I haven't seen mentioned anywhere what sort of oil is meant to be used with an oilstone. Also, is the sharpening technique any different from that using a wetstone? As much advice as you'd care to give wld be appreciated.
Any light grade machine oil will do just fine - the stone won't complain!
The same technique is used for the whetstone, but you use water here.
My technique (anorak on) grind at 25 deg approx, then onto the oilstone.
Lift up the blade until the oil squishes out, then continue honing.
John
You've not said what you want to sharpen. Axe, knife, wood chisel, scissors etc.
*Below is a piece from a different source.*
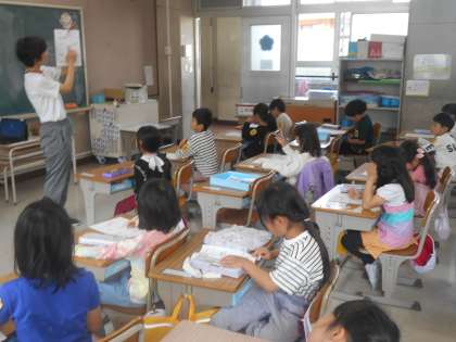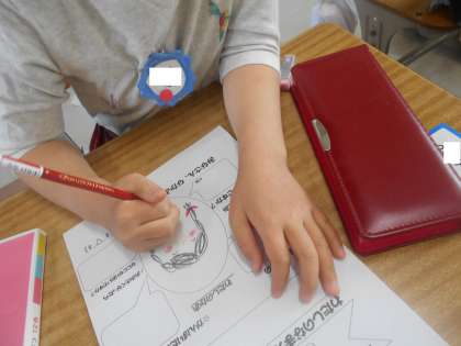 自己紹介カードを作っています。真ん中に自分の顔を書き、その周りに好きなことを書きます。何をするのも楽しそうで、いきいきと活動できています。

As I understand it, a Whetstone is an abrasive stone used to sharpen tools. It can be used dry or with water or with oil. The ones with a finer grade are are used with oil and are usually called an oilstone.
There's plenty on Youtube showing you how it's done.
ive got a couple of these oil stones very good,but i also use a couple of the small dmt diamond stones(look like a flick knife type of thing)but i did buy from travis perkins a combination (diamond block)made by faithful tools for a tenner,and i must admit its a dam fine thing to have.
I use a mix of turpentine with just enough oil in it to turn it into the colour of urine on my oilstone.Once or twice I've had to stop a labourer chucking away " this bottle of p***" but I find that it works well and the stone remains cleaner than using just oil. I always sharpen at the same angle as the chisel is ground to, non of this honing angle lark.
For finer sharpening I use a waterstone. It's a fine grey stone and really puts a cracking edge on but you can almost watch the stone ware away.
I also have diamond and carbo stones for sharpening axes and billhooks and the like, and for the actual grinding I find that a belt sander is a excellent tool for the job.